I've been looking at the function sum_{n=0}^{infinity} x^n/n^n.  Of particular interest is the behavior of the function for negative values of x.

Trivially, f(0) = 1.  f(1) =
2.291285997062663540407282590595600541498619368274522317310002445136944538765234455558817041129429709
= A073009 + 1.  f(-1) =
0.2165694892878655929407356134730245305923180098530690417445821772983998154108595543751357950277310610
= 1 - A083648.

For small negative values of x, f is decreasing, with a root at x =
-1.403761051217759055281232610485776603405490424751396415940373101155405927364061916874538968186718386.
It reaches a minimum at x =
-5.718368648420614152398427034613310546436549865574768585431493548397169770391911785604026826049891868,
where the value is
-0.6877336072666951621247175777384073185758142428273878687363150320321583420985527506265886721706864536,
after which it gradually heads back towards zero.  None of these three numbers are in the OEIS.

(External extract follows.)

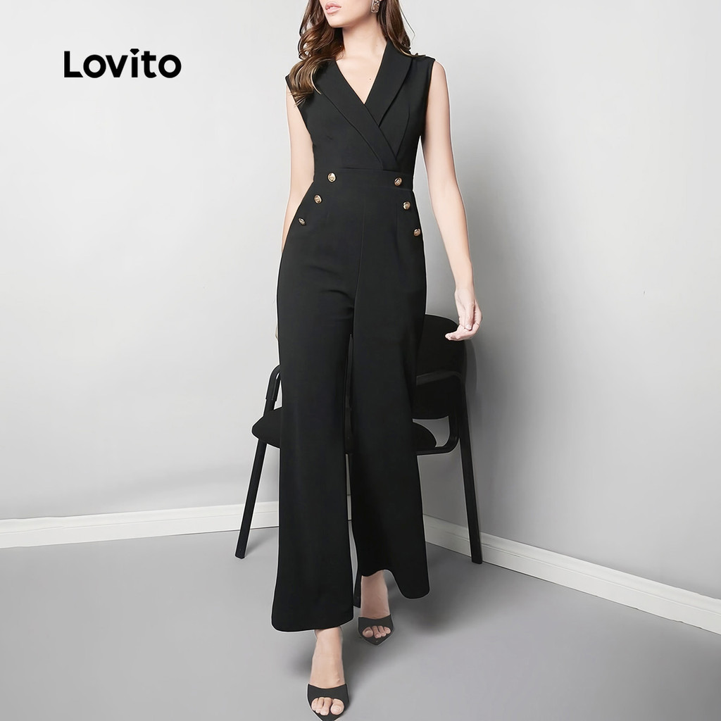 Lovito Macacão Casual de Botões com Pregas Primavera/verão Preto para mulheres L143AD661

This function is closely related to the so-called "Sophomore's Dream" <http://mathworld.wolfram.com/SophomoresDream.html>.  Generalizing the formulas there, we have:

Integral_0^1 t^(x*t) dt = -1/x * Sum_{n=1}^{infinity} (-x)^n/n^n = (1 - f(-x))/x;

or, inverting,

f(x) = 1 + x * Integral_0^1 t^(-x*t) dt.

Evaluating numerically, it appears that as x -> -infinity, f(x) acts like -1/log(|x|); possibly -1/log(|x|) + O(log(log(|x|))/log(|x|)^2), although the latter term is far from certain.  This is equivalent to

limit x->infinity Integral_0^1 t^(x*t) dt = 1/x + 1/(x*log(x)) + O(1/(x*log(x)^2)) [if the error term is correct].

I have no idea how to evaluate this limit to see if this is correct.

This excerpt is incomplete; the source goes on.